In Transaction version 5, Sapling Spends have a shared anchor, which is hashed into the sapling_spends_noncompact_digest for each Spend.

The personalization field of this hash is set to:

"ZTxIdSSpendNHash"
T.3b: sapling_outputs_digest

In the case that Sapling outputs are present, this digest is a BLAKE2b-256 hash of the following values

T.3b.i:   sapling_outputs_compact_digest    (32-byte hash)
T.3b.ii:  sapling_outputs_memos_digest      (32-byte hash)
T.3b.iii: sapling_outputs_noncompact_digest (32-byte hash)
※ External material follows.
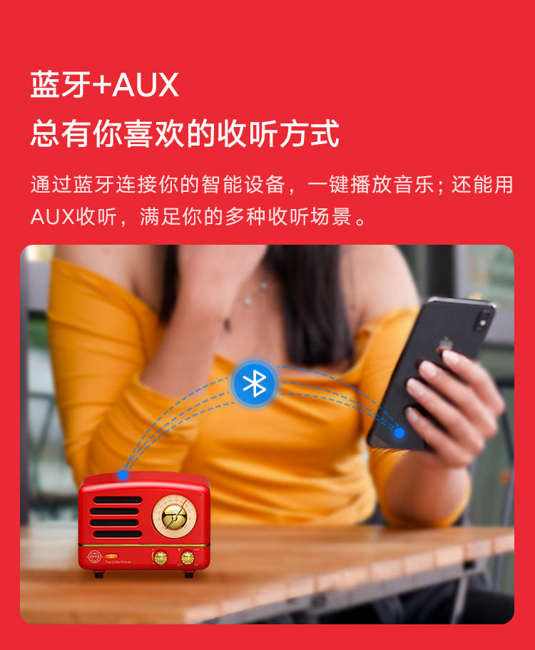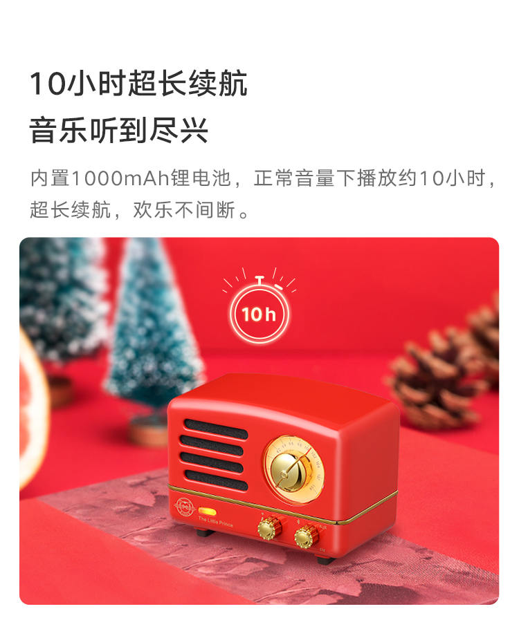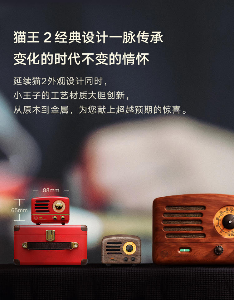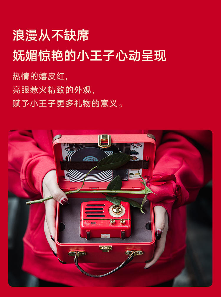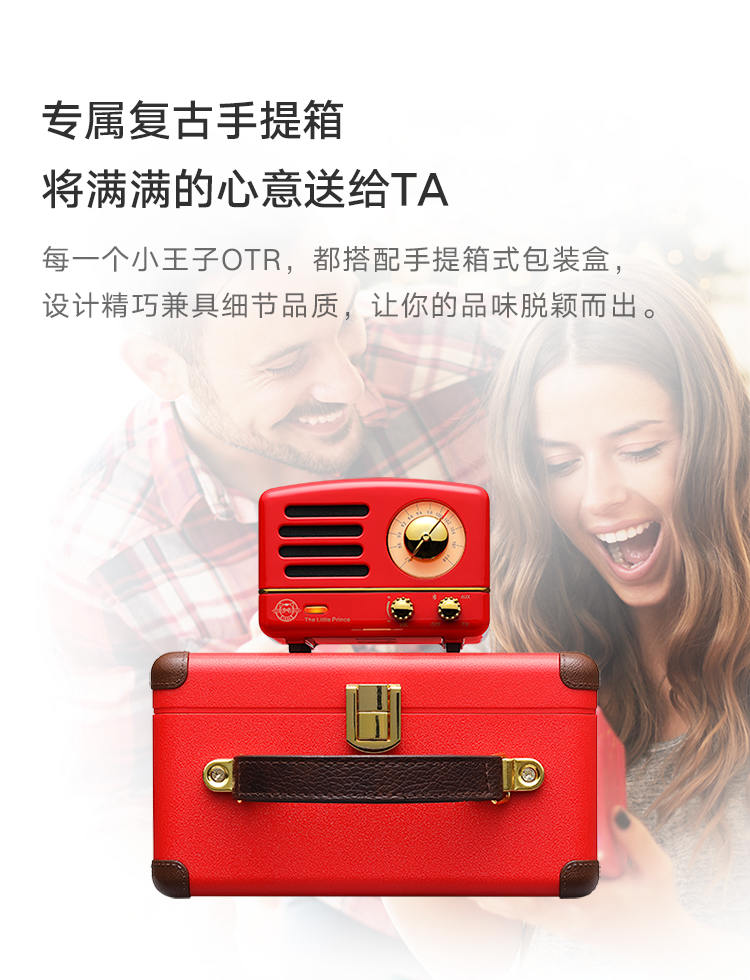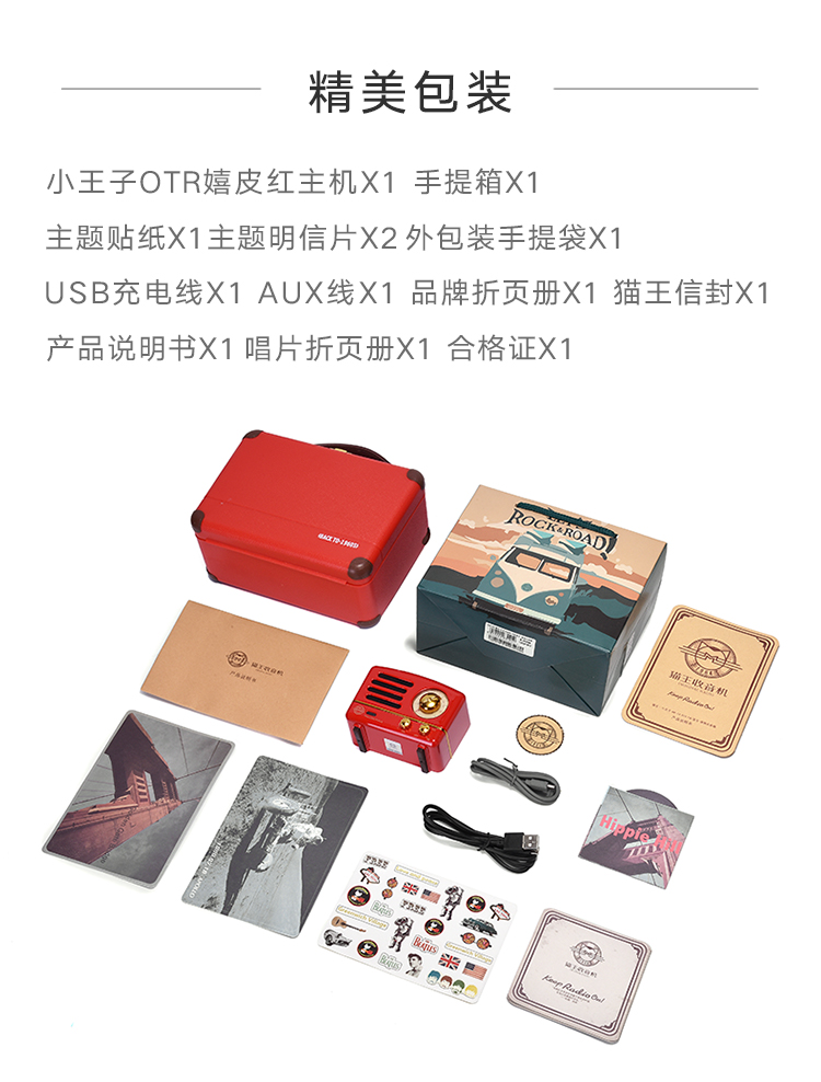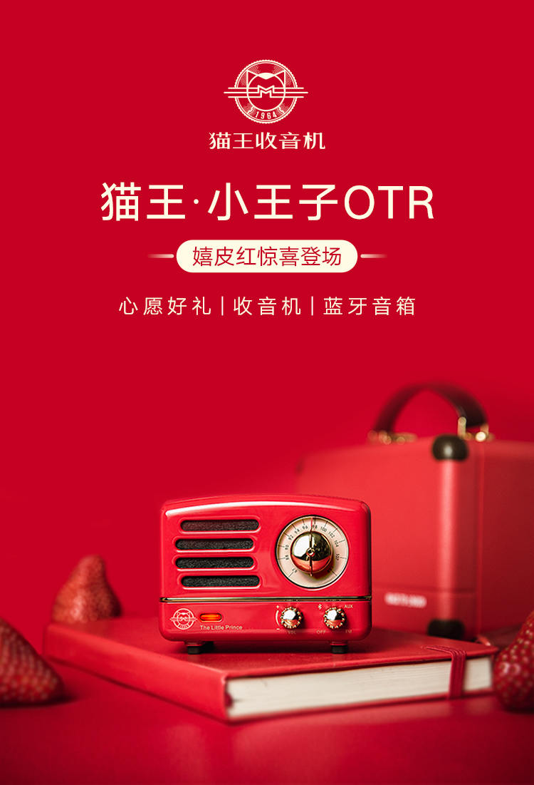 猫王收音机 小王子OTR 无线便携蓝牙音箱迷你小音响可爱复古音响家用低音炮创意礼品收音机 嬉皮红

The personalization field of this hash is set to:

"ZTxIdSOutputHash"

In the case that the transaction has Sapling spends but no Sapling outputs, sapling_outputs_digest is

BLAKE2b-256("ZTxIdSOutputHash", [])
T.3b.i: sapling_outputs_compact_digest

A BLAKE2b-256 hash of the subset of Sapling output information included in the ZIP-307 [8] CompactBlock format for all Sapling shielded outputs belonging to the transaction. For each output, the following elements are included in the hash:

T.3b.i.1: cmu                  (field encoding bytes)
T.3b.i.2: ephemeral_key        (field encoding bytes)
T.3b.i.3: enc_ciphertext[..52] (First 52 bytes of field encoding)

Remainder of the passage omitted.